According to the Indira Gandhi International Airport’s app showing live updates of flights, around 30 domestic and 20 international flights, which were supposed to land in Delhi by noon or earlier, were delayed. Around 10 flights coming to Delhi were either cancelled or not operating on Tuesday.
Equipment at Delhi airport allows flights to land if runway visibility is above 75 metres, while at least 125 metres of visibility is needed for take-offs. As the runway visibility had ranged between 600 metres and 1000 metres as of Tuesday morning, the delays are consequential of the lag from the last two days, Met officials at the airport said.

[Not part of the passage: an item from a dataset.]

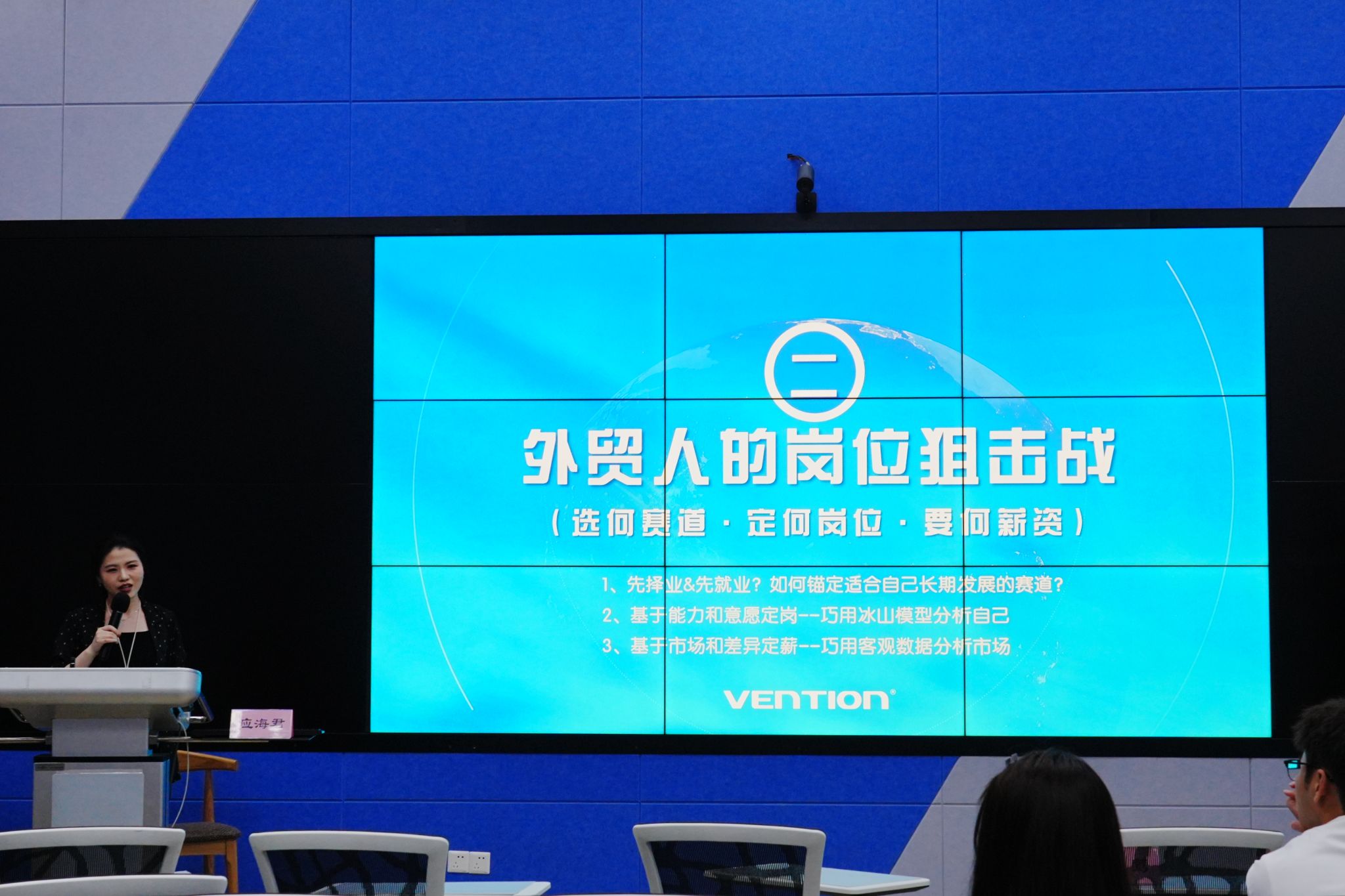 应海君通过全球人才报告、宁波经济数据、行业案例等详细解读宁波外贸行业概况,提出新丝路需要“郑和思维”与“品牌灵魂”。同时,她从经营模式、客户画像、竞对群体、对话方式等维度,深入剖析外贸赛道中“代工”和“品牌”的差异,清晰阐述从业者在传统外贸和品牌外贸中实现价值感的不同,传递出外贸事业是兼具使命、意义与利益的理念,拓宽了学生对可能就业领域的认知,为语言专业学生指明了在对外贸易领域的发展方向。

On Monday night, according to the Met office, the visibility on some of the runways had ranged between 75-100m. On Sunday, the visibility at almost all runways was less than 75m, resulting in grounding of many flights and diversion of at least 50 flights.
On Tuesday, at least 69 inbound trains were delayed by up to 29 hours, while 24 trains were rescheduled and 25 trains were cancelled due to fog, a Northern Railways spokesperson said.

Pollution also left much to be desired. At 9am, Delhi’s average air quality index (AQI) — a measure of pollutants in the air — hovered in the severe range, with an AQI of 405 on a scale of 500. All individual stations in the city also recorded severe or very poor air quality. Punjabi Bagh had the worst reading, where the AQI had risen to 477 because of the copious amounts of the finer and more dangerous particulate matter, PM2.5, in the air.
Areas close to Dilshad Garden had the ‘best’ air, with the lowest AQI. However, this too was in the very poor range, with an AQI of 311.
The IMD, meanwhile, predicted “dense fog at many places with very dense at isolated places very likely over Punjab, Haryana, Chandigarh & Delhi, West Uttar Pradesh, north-west and East Madhya Pradesh from midnight to forenoon.”